NO.5 マルハチ
  
Cyathea mertensiana (Kunze) Copel.

固有種:ヘゴ科・ヘゴ属)


(2004年:父島南部) 茎にある葉柄痕
(丸の中に八の字が逆さまに見える)
 父島の中央部から南部にかけての湿った林内・林縁や沢沿いにかけて木生シダが多くみられます。また母島へでは多数のマルハチがうっそうと茂る森の樹冠から突き抜ける姿は南国的で美しいです。幹はときに10メートルを超え、森の中のタワーか巨大なオブジェのようです。

 マルハチは、名の由来にもなっている茎の表面にある葉柄の落ちたあとが特徴的です。漢字の八の字を逆さまにしてまるで悪戯書きのような面白い模様が目を引きます。茎は少し突起がありますが触れてもごわごわするだけでヘゴのような痛さはありません。
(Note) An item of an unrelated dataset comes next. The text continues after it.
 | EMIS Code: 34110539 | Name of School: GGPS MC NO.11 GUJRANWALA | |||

 父島にある木生シダは、広域分布種のヘゴと小笠原固有種のマルハチと小笠原固有種で父島にしか分布しないメヘゴがあります。
3種の違いついて観察に良いポイントはいくつかありますが、父島・旭山遊歩道入り口付近や中央山付近の車道や遊歩道入り口などが見やすいでしょう。
 頂芽をみると、鱗片とよばれる長い毛のようなものがごわごわと全体を覆っています。鱗片の形は不完全な袋状。淡茶色。中軸の鱗片の落ちたあとには刺が残ります。
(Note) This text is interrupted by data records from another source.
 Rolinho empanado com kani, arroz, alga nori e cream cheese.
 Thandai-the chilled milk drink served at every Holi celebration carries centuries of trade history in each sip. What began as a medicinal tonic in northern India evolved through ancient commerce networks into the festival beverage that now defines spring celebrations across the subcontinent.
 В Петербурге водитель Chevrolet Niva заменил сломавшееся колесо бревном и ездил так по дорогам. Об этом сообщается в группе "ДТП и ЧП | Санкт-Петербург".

葉は鮮線色、より成長した葉はより色合いが深くなります。大きいものは2m。葉柄は葉身より短く、長さ30〜70cm。基部は少し太さが増す。葉身は、倒卵状楕円形、2回羽状に深裂し、大きいもので130cm幅70cm。辺縁は波状片。

胞子嚢群は、主脈を挟んで一列ずつ並んでいます。胞子嚢床は円くて突出し、包膜はない。
頂芽は鱗片に包まれる(2004年:母島・乳房山)



胞子嚢群(ソーラス)(2004年10月:父島・中央山)
 茎の表面にある丸に逆さの八のような葉柄の痕は台湾などに分布するヒカゲヘゴにも共通しているそうですが、両者には他の形質などをみると非常に異なったもので、マルハチの近縁種はニューギニアにあると図鑑(日本の野生植物)に書いてありました。近縁種のシダはどんな姿をしているのでしょうか。一度見てみたいものです。